All eyes will be on newly appointed finance minister Enoch Godongwana when he delivers his maiden mid-term budget vote in Parliament tomorrow (11 November 2021). South Africa’s agricultural sector is especially holding on to hope that the minister understands the role agriculture plays in the country.
Godongwana, who took over from Tito Mboweni in August this year, following President Cyril Ramaphosa’s cabinet reshuffle, will deliver the speech amid tight economic times, steadily rising fuel prices and continued load shedding by state power utility Eskom.
The African Farmers’ Association of South Africa (Afasa) has called for an inclusive and agriculture-centred budget vote to ensure that food security in the country remains stable.
The association’s national chairperson, Neo Masithela, says he hopes that the minister understands the critical role of agriculture in South Africa. The organisation would like to see an allocation from Treasury to continue the work that Land Bank has started, in enabling disadvantaged farmers – particularly black farmers – to establish and grow their enterprises.
The budget should take into consideration that this would be in line with the master plan for economic recovery, Masithela points out. “Even though the master plan is not finalised, the mid-term budget should take into consideration that for the growth of the industry and inclusivity, the allocation that the state puts on agriculture should be top priority.”
Invest in a sectoral revamp
Masithela furthermore says the budget should reflect consideration for the challenges that farmers had to face this year: the Covid-19 pandemic, social unrest in KwaZulu-Natal and Gauteng, and diseases that caused farmers to lose livestock and crops.
“Because of the volatile situation of the unrest, the country is sitting with a huge lack of development in the poultry industry. The hatching industry is struggling with eggs as a result of what happened in KwaZulu-Natal.” He says that the country should invest more into the historically disadvantaged agricultural sector to prevent a repeat of the current dire situation.
Then there is further need for infrastructure development, especially in rural communities where farmers are still experiencing related day-to-day challenges.
He calls on National Treasury to invest into a revamp of the critical agri sector, and adds that, although they understand that Godongwana is in a tight space, the minister needs to prioritise industries that are contributing more to the economy – and agriculture is one of them.
The Agricultural Food and Allied Democratic Workers Uinion’s general secretary, Mlamleli Pukwana, says that previous budget cuts to the agricultural department and its entities were a miscalculation on Treasury’s side.
Pukwana states, “If the minister could [rectify] the issue of [previous] budget cuts, we will really be happy.”
He says that even budget cuts to the likes of the CCMA had a problematic impact on the industry, because of delays around disputes between the workforce and employers.
Pukwana also calls on Godongwana to elaborate on how government will finance the land redistribution agenda, which is top of the agenda in the country.
“We know that the minister will be delivering this budget vote under tight circumstances such as Covid-19, that no one anticipated, and we do know and acknowledge that government had to divert money to save the lives of South Africans.
“However, the government needs to prioritise the industries and agriculture as one of those sectors that need to be top of the list.

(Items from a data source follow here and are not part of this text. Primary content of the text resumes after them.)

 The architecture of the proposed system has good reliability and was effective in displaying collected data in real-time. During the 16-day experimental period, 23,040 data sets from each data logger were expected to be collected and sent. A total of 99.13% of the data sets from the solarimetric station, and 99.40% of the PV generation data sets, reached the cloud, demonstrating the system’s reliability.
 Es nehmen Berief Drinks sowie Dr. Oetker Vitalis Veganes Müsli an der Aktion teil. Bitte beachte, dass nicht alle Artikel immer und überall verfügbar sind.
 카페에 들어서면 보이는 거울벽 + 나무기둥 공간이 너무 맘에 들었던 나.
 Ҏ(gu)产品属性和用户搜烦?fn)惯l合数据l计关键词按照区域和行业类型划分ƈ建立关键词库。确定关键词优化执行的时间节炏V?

Land and food security are very key in South Africa.”
Pukwana says that they are willing to work with the new finance minister to ensure that the livelihoods of many households are kept intact.
Agri SA’s expectations
Agri SA expects the statement to be underpinned by two positive themes, says Kulani Siweya, Agri SA agricultural economist. “The first is the rate of fiscal deterioration being abated markedly.”
This slowed deterioration was brought on by a commodity price windfall that boosted revenue, as well as Stats SA’s benchmarking and rebasing exercise which had a positive impact on the fiscal ratios of higher nominal GDP.

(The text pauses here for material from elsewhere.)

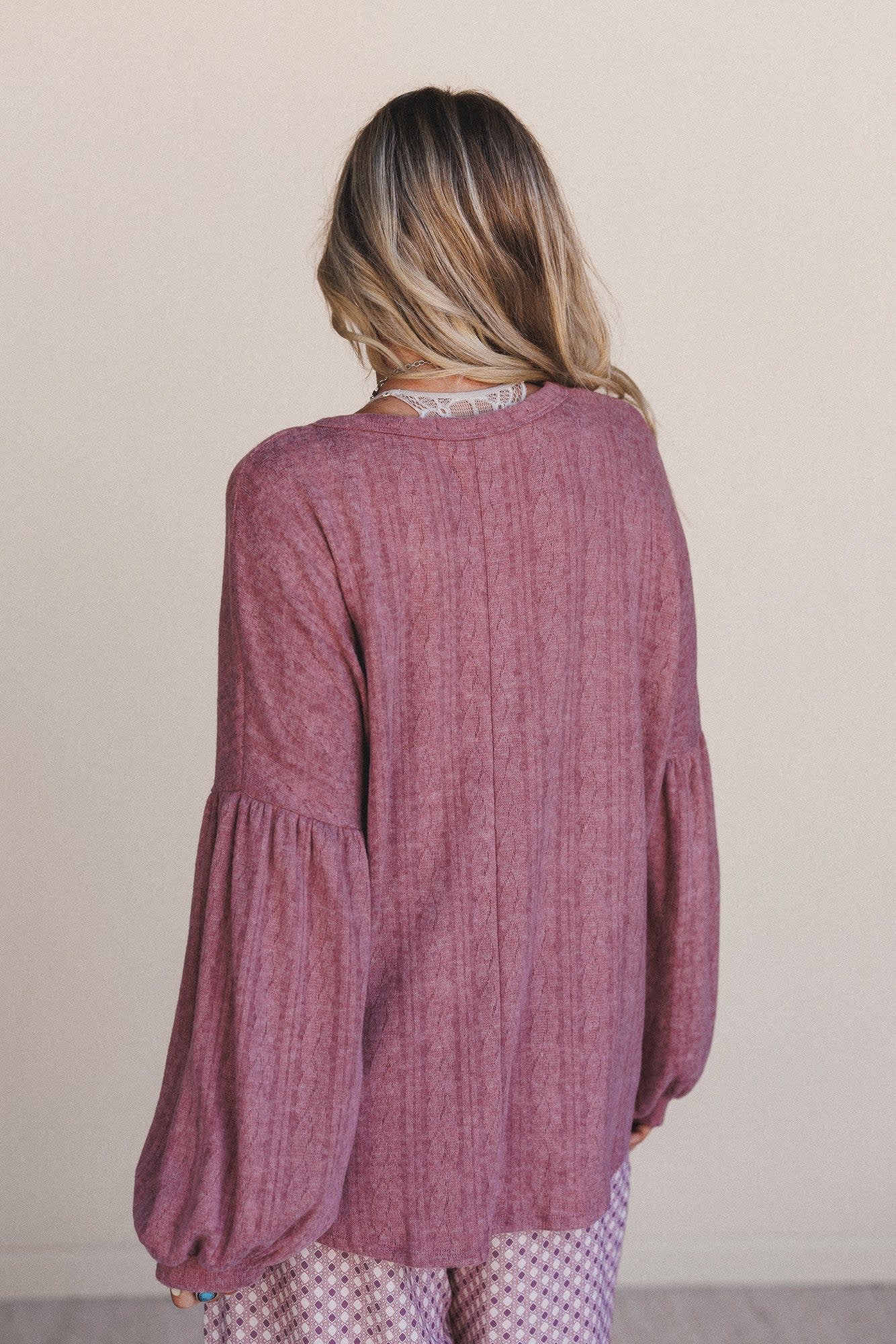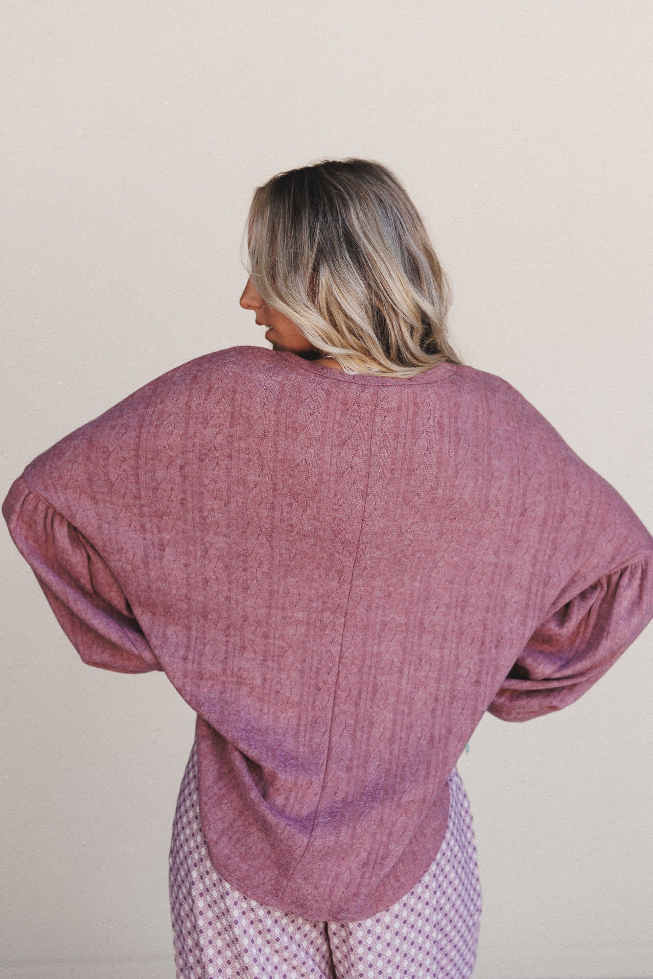 • Dropped shoulders with long balloon sleeves

“The second theme expected is the precarious debt outlook, though it does come at a better starting position.”
Whilst these may be positives in the short term, Agri SA says there is still some caution on the long-term view, particularly when considering that many structural challenges remain.
“Some of the things we will be looking out for include sentiments around state-owned entities and if there are any unbudgeted bailouts, as well as National Treasury’s resolve to restrain spending.”
“We believe that these, amongst others, will either set us on a trajectory of turning the tide around entirely or we will see more of the same from the new incumbent and his team.”
Siweya says that, ultimately, this week’s medium-term statement should inspire confidence once again from various spheres. “This is sorely needed in a time where investment in infrastructure has been on the decline and inclusive growth is now an imperative that’s non-negotiable.”